Truck Industry Predicts Exodus if License Fees Rise
By DAVID GREENBERG
Assembly Speaker Herb Wesson's bill to restore vehicle license fees to 1998 levels already has a vocal opponent and it's not the anti-tax faction of the legislature.
The state's trucking industry argues that the bill, introduced last week to help reduce the state's $26 billion budget deficit, will actually result in a loss of fees from truckers who will continue their mass exodus to states with lower operating costs.
Truck companies and independent owner-operators can register their vehicles in any state they operate in while continuing to haul freight through California.
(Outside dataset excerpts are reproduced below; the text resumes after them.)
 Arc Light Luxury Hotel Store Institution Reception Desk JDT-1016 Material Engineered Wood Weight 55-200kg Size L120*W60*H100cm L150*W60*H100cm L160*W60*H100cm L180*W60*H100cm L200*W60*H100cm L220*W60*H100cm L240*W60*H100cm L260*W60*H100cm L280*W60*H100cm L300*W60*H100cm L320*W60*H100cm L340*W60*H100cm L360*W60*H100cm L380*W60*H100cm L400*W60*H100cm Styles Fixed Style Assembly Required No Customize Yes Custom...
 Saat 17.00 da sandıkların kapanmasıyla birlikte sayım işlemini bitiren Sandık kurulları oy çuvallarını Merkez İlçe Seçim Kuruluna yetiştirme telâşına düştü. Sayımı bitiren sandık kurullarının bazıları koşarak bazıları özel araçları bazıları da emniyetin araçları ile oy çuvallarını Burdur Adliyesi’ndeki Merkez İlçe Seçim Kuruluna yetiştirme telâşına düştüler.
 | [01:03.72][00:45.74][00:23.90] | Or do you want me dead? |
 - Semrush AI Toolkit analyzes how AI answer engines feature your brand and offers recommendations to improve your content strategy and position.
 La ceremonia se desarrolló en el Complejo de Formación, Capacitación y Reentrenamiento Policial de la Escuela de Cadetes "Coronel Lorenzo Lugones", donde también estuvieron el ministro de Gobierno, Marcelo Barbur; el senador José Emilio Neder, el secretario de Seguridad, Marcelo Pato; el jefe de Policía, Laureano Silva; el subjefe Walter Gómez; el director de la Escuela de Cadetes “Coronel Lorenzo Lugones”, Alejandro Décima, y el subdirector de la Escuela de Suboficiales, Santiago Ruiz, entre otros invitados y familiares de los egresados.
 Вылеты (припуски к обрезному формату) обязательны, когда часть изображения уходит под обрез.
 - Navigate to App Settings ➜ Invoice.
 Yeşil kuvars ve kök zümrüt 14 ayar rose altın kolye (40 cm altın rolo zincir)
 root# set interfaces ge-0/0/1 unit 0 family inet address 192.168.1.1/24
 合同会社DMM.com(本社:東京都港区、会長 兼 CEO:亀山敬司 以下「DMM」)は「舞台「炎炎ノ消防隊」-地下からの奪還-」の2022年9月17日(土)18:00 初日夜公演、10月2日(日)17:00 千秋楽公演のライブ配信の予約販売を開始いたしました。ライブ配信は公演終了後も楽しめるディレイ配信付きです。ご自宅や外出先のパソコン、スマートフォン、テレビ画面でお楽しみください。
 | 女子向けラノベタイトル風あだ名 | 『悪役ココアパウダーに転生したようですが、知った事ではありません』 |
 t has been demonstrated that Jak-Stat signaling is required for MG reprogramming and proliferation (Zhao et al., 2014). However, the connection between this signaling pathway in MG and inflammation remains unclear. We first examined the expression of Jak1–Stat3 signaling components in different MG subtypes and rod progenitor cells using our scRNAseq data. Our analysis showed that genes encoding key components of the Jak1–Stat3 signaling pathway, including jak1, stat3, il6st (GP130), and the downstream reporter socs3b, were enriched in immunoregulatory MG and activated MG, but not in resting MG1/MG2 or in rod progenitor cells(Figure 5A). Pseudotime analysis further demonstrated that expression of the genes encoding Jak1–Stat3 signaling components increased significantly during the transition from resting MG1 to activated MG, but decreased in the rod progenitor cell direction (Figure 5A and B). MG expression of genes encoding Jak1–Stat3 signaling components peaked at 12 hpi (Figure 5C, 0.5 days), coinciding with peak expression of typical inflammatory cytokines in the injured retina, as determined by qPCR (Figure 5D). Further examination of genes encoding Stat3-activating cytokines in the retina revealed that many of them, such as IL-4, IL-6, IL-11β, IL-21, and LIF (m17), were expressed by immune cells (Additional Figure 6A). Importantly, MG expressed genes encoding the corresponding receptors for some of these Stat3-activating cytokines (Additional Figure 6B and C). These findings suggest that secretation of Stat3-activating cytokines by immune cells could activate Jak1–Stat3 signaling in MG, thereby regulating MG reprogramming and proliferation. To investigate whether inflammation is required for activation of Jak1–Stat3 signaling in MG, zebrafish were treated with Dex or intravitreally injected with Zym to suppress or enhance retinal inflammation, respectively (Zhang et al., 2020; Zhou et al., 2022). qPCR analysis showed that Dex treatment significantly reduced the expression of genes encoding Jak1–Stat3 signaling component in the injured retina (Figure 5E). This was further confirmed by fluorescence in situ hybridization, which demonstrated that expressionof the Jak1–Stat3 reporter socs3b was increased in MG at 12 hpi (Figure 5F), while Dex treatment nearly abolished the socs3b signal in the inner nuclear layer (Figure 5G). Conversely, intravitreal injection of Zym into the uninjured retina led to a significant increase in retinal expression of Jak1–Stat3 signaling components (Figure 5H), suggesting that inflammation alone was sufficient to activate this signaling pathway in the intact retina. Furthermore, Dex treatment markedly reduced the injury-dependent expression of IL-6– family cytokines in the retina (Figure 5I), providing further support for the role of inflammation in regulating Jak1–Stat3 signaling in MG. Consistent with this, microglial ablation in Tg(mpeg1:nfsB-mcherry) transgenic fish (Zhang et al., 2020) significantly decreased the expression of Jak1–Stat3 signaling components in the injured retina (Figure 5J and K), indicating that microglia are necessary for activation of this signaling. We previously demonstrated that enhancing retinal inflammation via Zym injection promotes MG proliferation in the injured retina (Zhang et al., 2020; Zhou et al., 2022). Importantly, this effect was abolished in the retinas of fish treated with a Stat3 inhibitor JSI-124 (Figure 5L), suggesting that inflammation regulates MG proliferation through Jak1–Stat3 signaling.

The real shortfall, said Stephanie Williams, vice president of the California Trucking Association, would come as truckers leave in droves. "We'd like to see California truckers be able to afford California, not be priced out because they can't compete," she said.
Between 2000 and 2002, 250,000 trucks had their registration shifted out of state, she said. There are 390,000 trucks registered in the state, while another 1.3 million registered out of state haul goods throughout California.
Wesson, a Culver City Democrat, wants annual fees to increase to 2 percent of the value of a vehicle, up from the current .68 percent, to prevent massive layoffs of public safety personnel.
"The speaker does not like raising the VLF, but it's a small price to pay to keep firefighters and police on our streets," said Patricia Soto, Wesson's press secretary.
If approved, truck owners would pay $2,000, up from $675, for a new truck valued at $100,000. For a used vehicle costing $10,000, the fee would rise to $400, from $135.
Different segments of the industry would be hit in different ways: general freight operators would be at a competitive disadvantage to out-of-state operations paying lower fees, while intrastate drivers serving West Coast ports who are paid by the load would be unable pass on the additional costs.
"It's going to hit the port truckers the hardest because they get paid by the load," said Williams. "They are not in competition but that can't pass (increased fees) on. The shippers won't pay it."
Drivers serving the Ports of L.A. and Long Beach make as little as $50 per load to haul a container to a warehouse facility in Ontario.
While owner-operators might generate $70,000 annually, Williams said the pre-tax take-home pay can amount to as little as $30,000 after insurance, fuel and maintenance costs are factored in.